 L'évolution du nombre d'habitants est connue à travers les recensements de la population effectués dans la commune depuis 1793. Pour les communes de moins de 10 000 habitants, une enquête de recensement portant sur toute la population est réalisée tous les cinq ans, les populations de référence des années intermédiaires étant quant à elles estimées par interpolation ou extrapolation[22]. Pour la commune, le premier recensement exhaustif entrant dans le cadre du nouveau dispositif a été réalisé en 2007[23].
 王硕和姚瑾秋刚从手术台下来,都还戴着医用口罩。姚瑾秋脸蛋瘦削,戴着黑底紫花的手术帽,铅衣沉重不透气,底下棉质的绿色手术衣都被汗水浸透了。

---

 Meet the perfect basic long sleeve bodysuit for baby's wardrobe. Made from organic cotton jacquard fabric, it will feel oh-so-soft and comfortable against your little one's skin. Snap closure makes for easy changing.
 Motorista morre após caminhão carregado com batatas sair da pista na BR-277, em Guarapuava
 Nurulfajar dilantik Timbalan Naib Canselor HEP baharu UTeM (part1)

Task prompt |
All lines above from the line with "L'évolution du nombre" through the line with "王硕和姚瑾秋刚从手术台下来,都还戴着医用", both included, are to be set down exactly, with nothing else.

Task response |
 L'évolution du nombre d'habitants est connue à travers les recensements de la population effectués dans la commune depuis 1793. Pour les communes de moins de 10 000 habitants, une enquête de recensement portant sur toute la population est réalisée tous les cinq ans, les populations de référence des années intermédiaires étant quant à elles estimées par interpolation ou extrapolation[22]. Pour la commune, le premier recensement exhaustif entrant dans le cadre du nouveau dispositif a été réalisé en 2007[23].
 王硕和姚瑾秋刚从手术台下来,都还戴着医用口罩。姚瑾秋脸蛋瘦削,戴着黑底紫花的手术帽,铅衣沉重不透气,底下棉质的绿色手术衣都被汗水浸透了。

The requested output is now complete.